SNIP: Bridging Mathematical Symbolic and Numeric Realms with Unified Pre-training

Details and Clarifications on section 4 and figure 5. Thank you for the helpful questions - they will allow us to communicate these important details more clearly. Answer to your points:

• In Sec 4, the input to the model is solely the symbolic equations, and the numeric properties (NCR, Upwardness) are predicted for these symbolic inputs. This aligns with the cross-modal nature of the tasks. As you noted, these properties are defined for 1D functions (D=1). We have updated the text to clearly state this detail.
• The graphs in the interpolatability analysis (Figure 5) correspond to actual functions in the SNIP's latent space. For example, the blue point $Z^s_V$ corresponds to expression $f_s=x^2$, and the bottom-right orange point $Z^d_V$ corresponds to expression $f_d=\cos{(4 x)}+7$. When we interpolate between these points in the latent space (black point $Z_V^{int}$), the decoded expression $f_{int}=1.2\cos{(2.3x)}-0.9\sqrt{9-0.1x}+7$ exhibits a behavior between $f_s$ and $f_d$. This indicates the continuity of the latent space - small movements in the latent vectors result in semantically meaningful changes in the numerical behaviors of the decoded functions. This is a major advantage for symbolic regression, allowing us to transform the combinatorial search into a smoother semantic search by optimizing in the continuous latent space.

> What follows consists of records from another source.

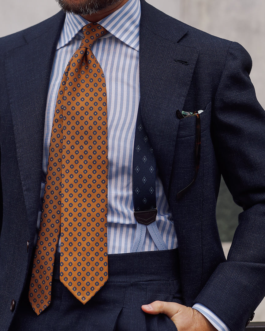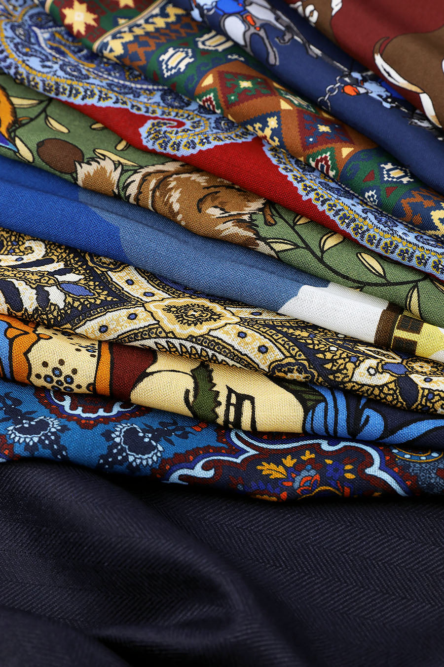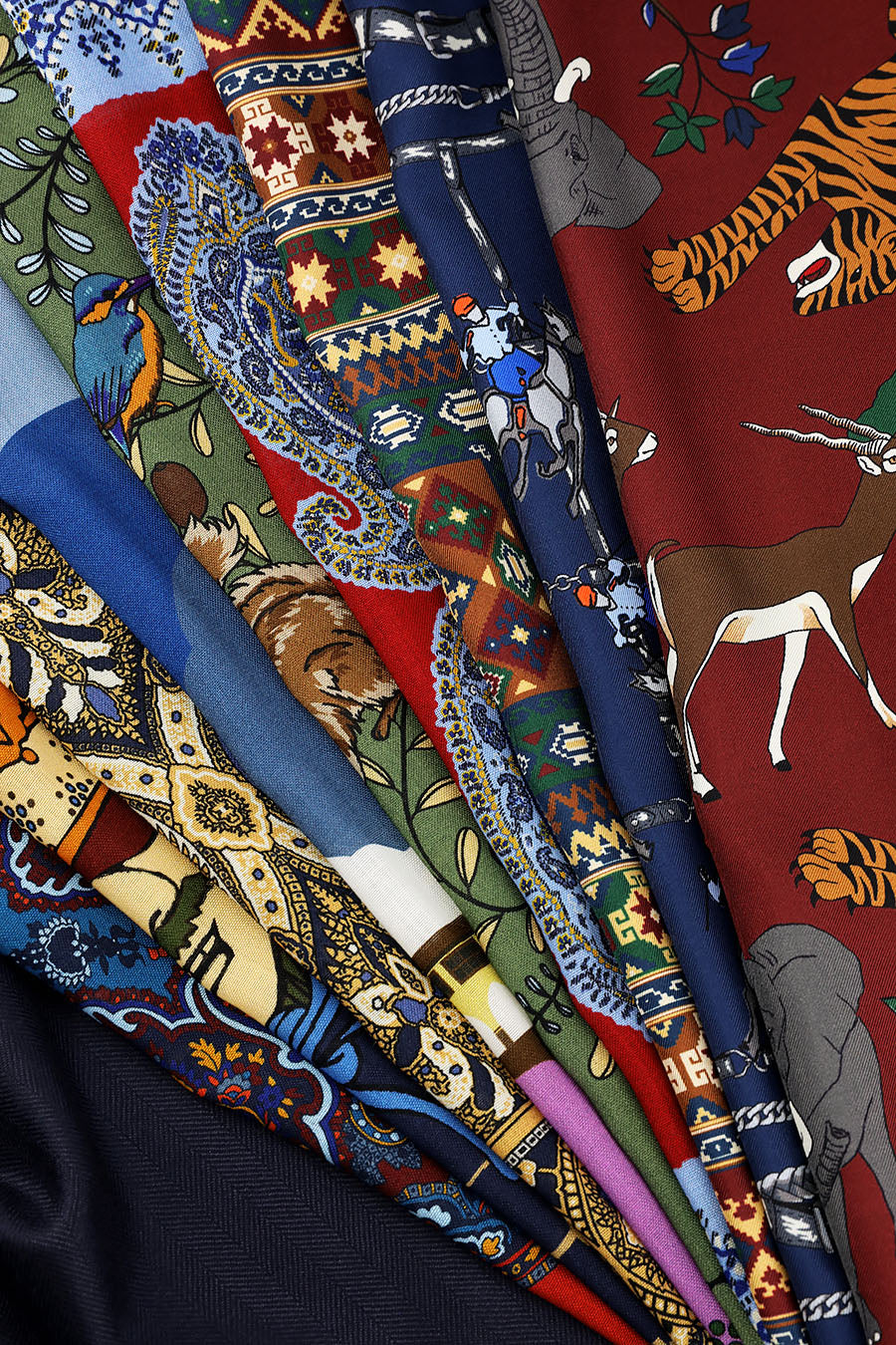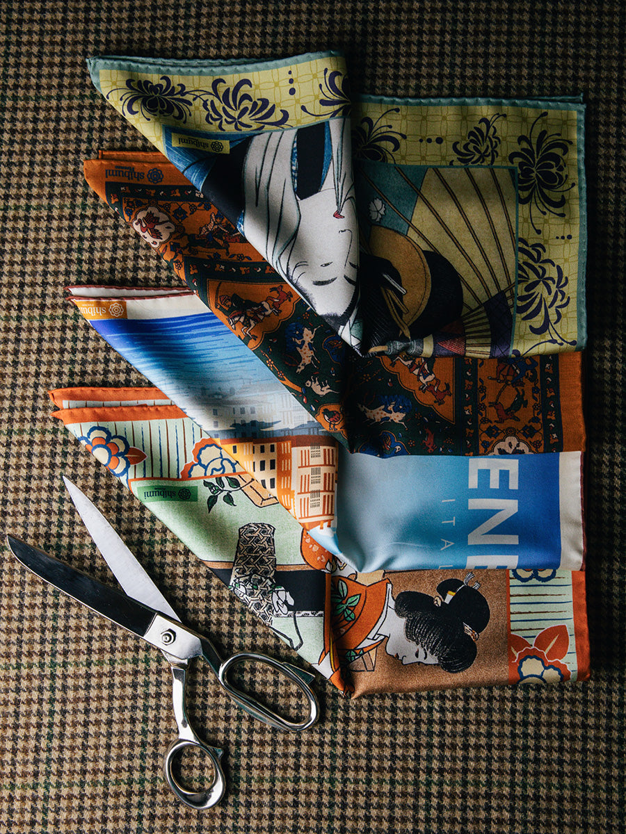 We've just received our new spring/summer pocket square collection, featuring silk, wool/silk, and vintage kimono silk. The collection includes colorful prints that are easy to pair with your favorite fresco suits and linen jackets. Printed in Macclesfield and Kyoto, hand-rolled in Florence.
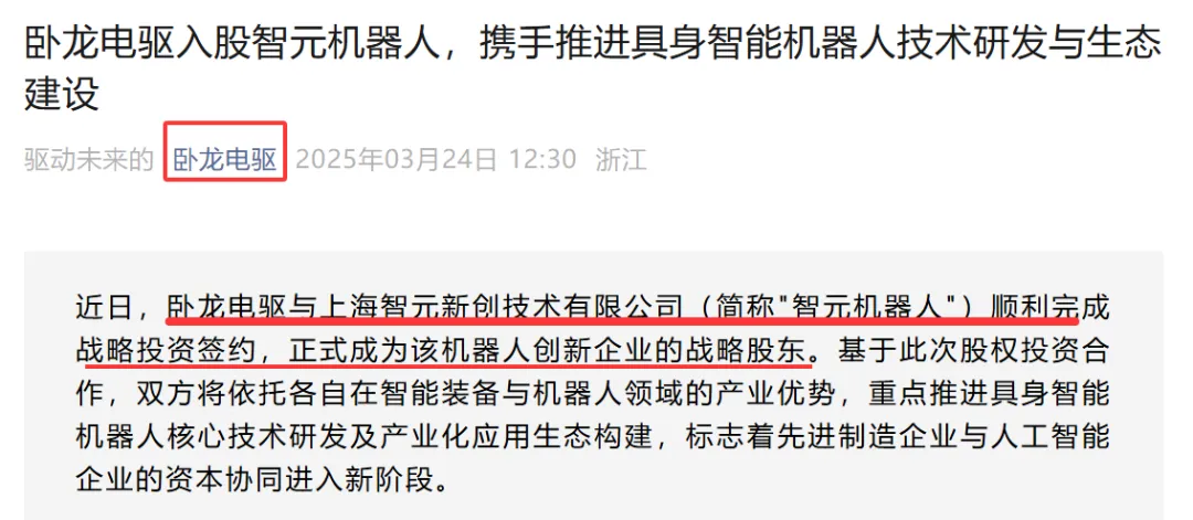 在机器人领域,开发了高爆发关节模组、伺服驱动器、无框力矩电机,及实心关节模组等关键部件,部分已获小批量订单。并在今年3月与智元达成双向持股,智元机器人以增资扩股的形式,对卧龙子公司希尔机器人进行战略注资。同时卧龙持有智元机器人约0.76%的股权,双方将在机器人诸多方面展开合作。
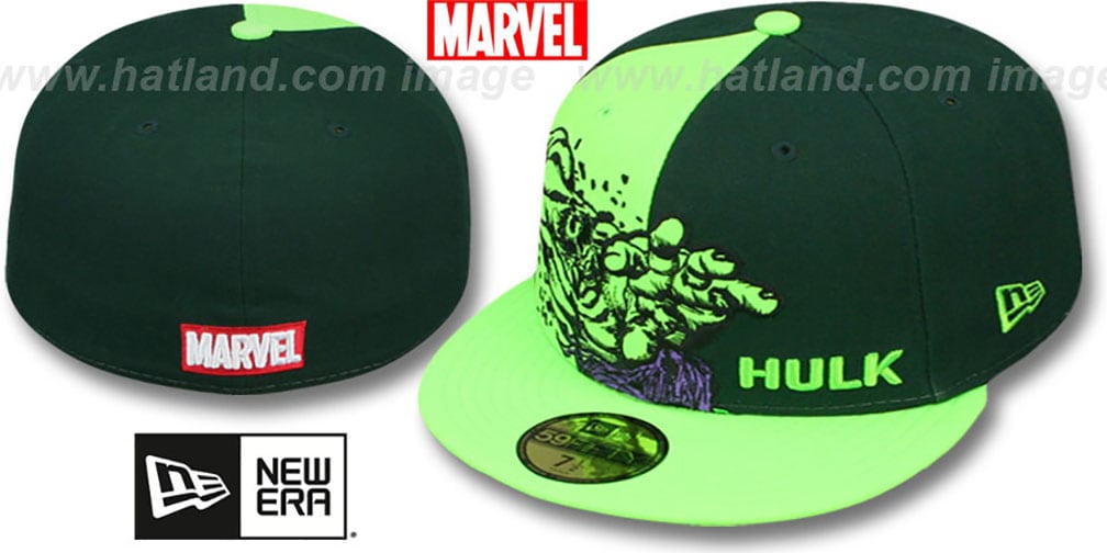 Authentic and Original 59FIFTY authentic poly fitted hat by New Era, dark green deep crown with lime green side front panel, lime green visor and undervisor, large embroidered Hulk image on side front and raised HULK embroidered on opposite front panel, MARVEL embroidery on back, Officially licensed Marvel hat produced by New Era Superhero Collection. This Marvel Comics baseball cap is made by New Era.
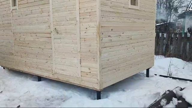 Мобильная перевозная каркасная баня размерами 2,4х4м. Снаружи
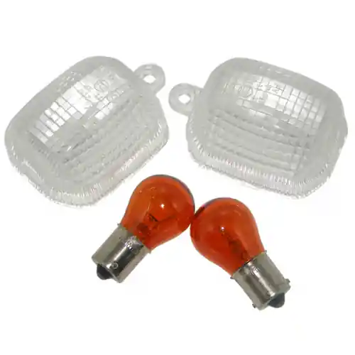 Deze set bestaat uit twee stuks indicator lenzen, compleet met twee amber bulbs. Dit maakt de installatie eenvoudig en direct gebruiksklaar. De amber bulbs zorgen voor een optimale zichtbaarheid, zodat andere weggebruikers altijd op de hoogte zijn van jouw richting. De lenzen zijn vervaardigd uit duurzaam materiaal, wat bijdraagt aan een lange levensduur.
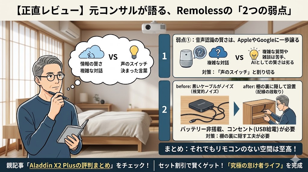 一方、RemolessはAladdin専用に作られているため、直接「アラジン、〇〇して」と話しかけるだけで瞬時に反応します。 この「コンマ数秒のレスポンスの差」と「言葉の短さ」こそが、毎日使うデバイスにおいて最も重要な費用対効果(ROI)です。言葉が長いというストレスを排除するためだけにでも、専用機を選ぶ価値は十分にあります。
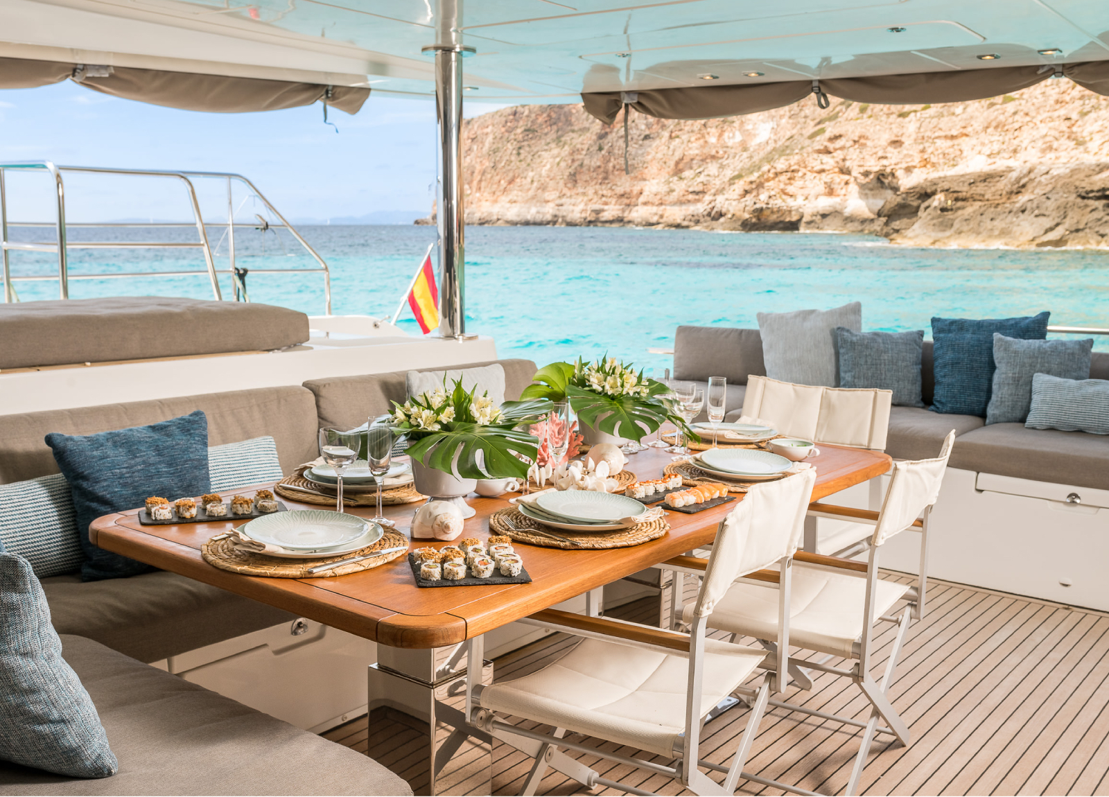 The catamaran offers incredibly generous deck areas, including a spacious flybridge with a dining and sunbathing area where guests can make the most of the long summer days.

Mapping Network and the alternative suggestion. Thanks for suggesting this insightful alternative approach. As noted correctly, one of the motivations for using the mapping network was to integrate with the pre-trained decoder weights from Kamienny et al. 2022, which have strong existing knowledge of expression generation. Cross-attending with encoder outputs (before pooling) could be an interesting approach to explore in future work. However, one potential challenge with this approach is that it would preclude the use of latent space optimization, which provides key benefits for symbolic regression: Performing optimization directly in the higher-dimensional encoder output space (e.g. N x demb = 200 x 512) is significantly more difficult than in SNIP's pooled 512-dim latent space. The continuity and semantics captured in SNIP's latent space allow an efficient yet meaningful search. Many existing neural symbolic regression methods do not incorporate optimization-based search. Those that do, tend to perform it after decoding, which limits the search capabilities. SNIP's main motivation for symbolic regression is to employ latent space optimization which integrates strong neural priors with the strengths of semantic search.

• In Fig 3, it looks like supervised model is going to catch up with SNIP… This is a bit problematic, ideally we would need to see results with more training examples to make sure SNIP remains better asymptotically. The authors may argue that SNIP is much better in the low data regime, I don’t think this is the most important asset of SNIP, as we typically have infinite data in these kind of tasks anyway.

Thanks for pointing this out. We agree that ideally, it would be preferable to show SNIP maintains its advantage asymptotically. However, it is important to consider that SNIP's pre-training phase uses only unlabeled data to learn general symbolic-numeric representations, unlike the supervised baseline model directly trained on labeled data for each specific task. When evaluated on the downstream property prediction tasks in Sec 4, SNIP encounters the same limited labeled examples as the baseline. The fact that the specialized supervised model approaches SNIP’s performance with more data is expected, since it is tailored to the prediction task of this specific property. In fact, SNIP's value proposition is in its flexibility to efficiently adapt to new tasks thanks to its task-agnostic pre-trained representations. This capability makes it complementary to task-specific supervised models. For example, even for CLIP model, despite observing hundreds of millions of paired examples during pre-training, it achieves comparable performance to specialized models on image classification tasks, without necessarily outperforming them.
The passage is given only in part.